Scully has also had a hand in the professional training of notable boxers Israel "Pito" Cardona, Matt Godfrey, "Sucra" Ray Olivera, Scott "The Sandman" Pemberton, Lawrence Clay-Bey, Matt Remillard, Francisco "The Wizard" Palacios and George "Monk" Foreman III.

The Iceman also assists in the training camps of former world amateur champion and now IBF light heavyweight world champion Artur Beterbiev, who fights out of Montreal, Canada by way of Chechnya (head trainer is Marc Ramsay).

He is considered an important part of the development of future WBC light heavyweight world champion "Bad" Chad Dawson. Scully first trained Dawson for three successful fights in 2004 and 2005 before unforeseen promotional problems caused Dawson to leave to train in Florida with Dan Birmingham.

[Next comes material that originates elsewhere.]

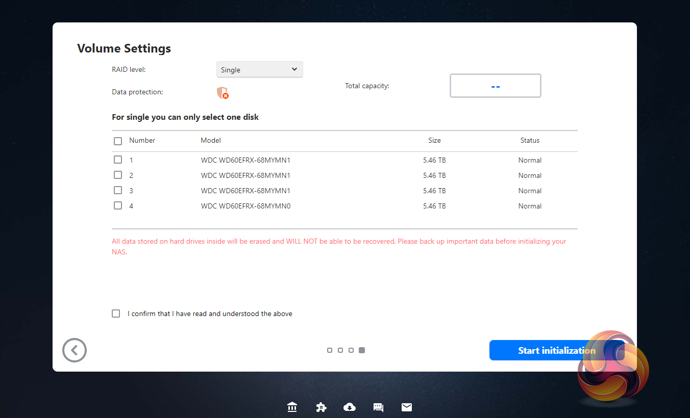 Whichever method you choose to set the NAS up, each stage along the install process is checked off on the initialisation page so you always know what’s happening during the install procedure.
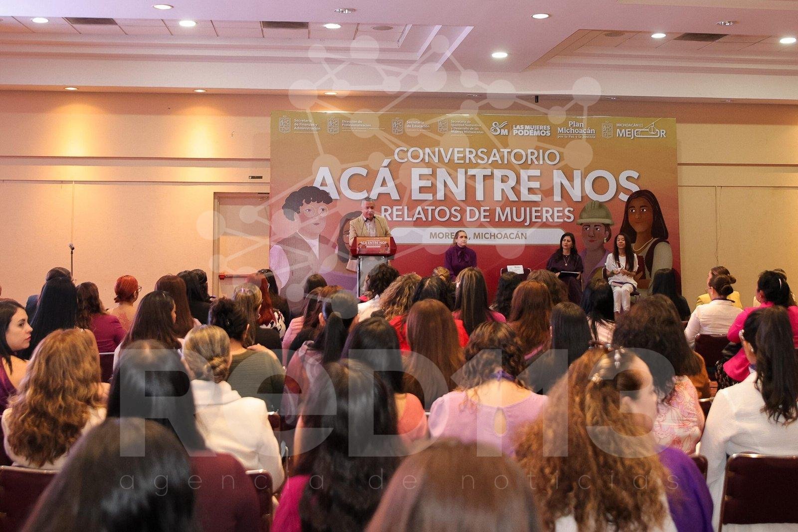 Durante la inauguración del conversatorio «Acá entre nos, relatos de mujeres», organizado por la Secretaría de Finanzas, a través de la Dirección de Profesionalización, se hizo público el reconocimiento a las mujeres michoacanas. Se destacó cómo su esfuerzo, creatividad y talento son fundamentales en los procesos de transformación tanto a nivel estatal como nacional.

Scully and Dawson, however, reunited as a team early in the summer of 2011. Scully later guided Dawson to the biggest win of his professional career on April 28, 2012 at the legendary Boardwalk Hall in Atlantic City, New Jersey. The HBO televised matchup saw Dawson capture a 12-round decision to take the WBC Light heavyweight title from legendary champion Bernard "The Executioner" Hopkins. Notably, when Dawson seemingly began to mentally falter at the halfway point of the match, Scully masterfully kept the challenger steady, focused and on track between rounds. The exceptional cornerwork was properly noted by HBO's ringside broadcast team of Larry Merchant, Emanuel Steward and Jim Lampley.

Known for his insightful takes on the sport of boxing, especially his corner work between rounds of televised fights, Scully has written a highly praised boxing book entitled, "The Iceman Diaries" that details his life within the sport. He appears often on ESPN Classic, working alongside Joe Tessitore, as a ringside analyst for that network's ESPN Classic Boxing Series.

A frequent and widely acclaimed columnist for Britain's "Boxing News" magazine, Scully has also been featured several times on ESPN News, before and after major fights, previewing and analyzing the action, including Pay-Per-View battles between Floyd Mayweather Jr. and Shane Mosley, and Manny Pacquiao and Miguel Cotto.

In 2015 Scully joined the cast of the Nuvo-TV boxing reality show "KNOCKOUT" alongside Roy Jones Jr., Floyd Mayweather Sr. and Sugar Shane Mosley.

Scully was inducted into the Connecticut Boxing Hall of Fame in November 2009 at the Mohegan Sun Casino. He was also inducted into the Billy C. Boxing Hall of Fame (along with Ernie Shavers and Marlon Starling) at South Glens Falls, New York on November 19, 2011.